US President Joe Biden arrived in Italy ahead of a meeting with leaders of the G7 industrialised democracies.

Russian frozen assets

The G7 summit in Italy opened on Thursday with an agreement reached on a US proposal to back a $50 billion (£39 billion) loan to Ukraine using frozen Russian assets as collateral. Most of the Russian assets are in the European Union. The US proposal would pay off Western allies using interest income from $280 billion worth of Russian assets frozen in Western financial institutions, valued at $3 billion a year, for 10 years or more.

Also, a French official told a briefing for reporters on Wednesday that a political decision by the leaders was in place, but the technical and legal details of the asset utilisation mechanism remained pending.

In April, Biden signed legislation to seize about $5 billion in Russian assets that remained immobilised in US financial institutions. However, the bulk of the money, $190 billion, is in Belgium, with much of the rest in France and Germany.

Adding to the existing difficulties is the fact that if the Russian assets are eventually unfrozen, the unanticipated revenues could no longer be used to repay the loan, requiring a burden-sharing agreement with other countries. Another source of worry for the Europeans is who will be responsible for covering the losses if interest rates fall below expectations or if sanctions that immobilise the funds fail to extend. Russia considers the seizure of its assets after the invasion of Ukraine a theft and has threatened retaliation.

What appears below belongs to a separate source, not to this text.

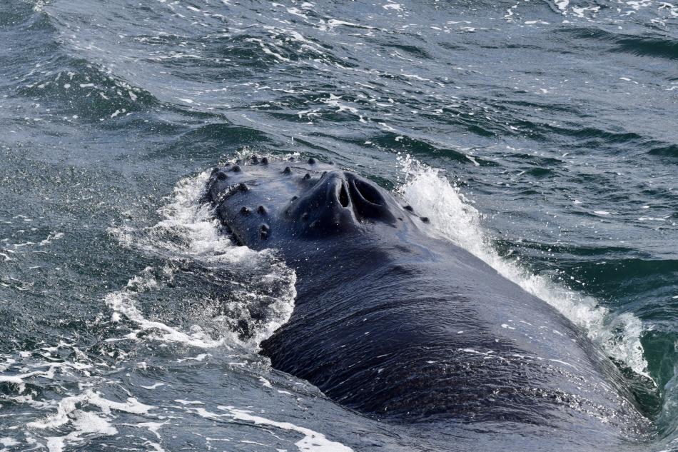 Report from Eldey: We sailed under calm seas and cloudy skies straight towards the open waters. After cruising for a while, we reached a one mile stretch of water where we encountered at least 8 to 9 humpback whales. We spent the the entire trip in that area, surrounded by these magnificent animals. It was an incredible experience from their fluke dives to the peaceful atmosphere and stunning scenery.

Washington imposes sanctions

The US Treasury Department has announced new sanctions targeting foreign nationals and companies assisting Moscow’s military-industrial base. They include companies based in China that sell semiconductors to Russia. It includes an expansion of secondary sanctions that allow the United States to blacklist any bank around the world that does business with Russian financial institutions already sanctioned. The goal is to prevent smaller banks in China and elsewhere from financing Russian military efforts.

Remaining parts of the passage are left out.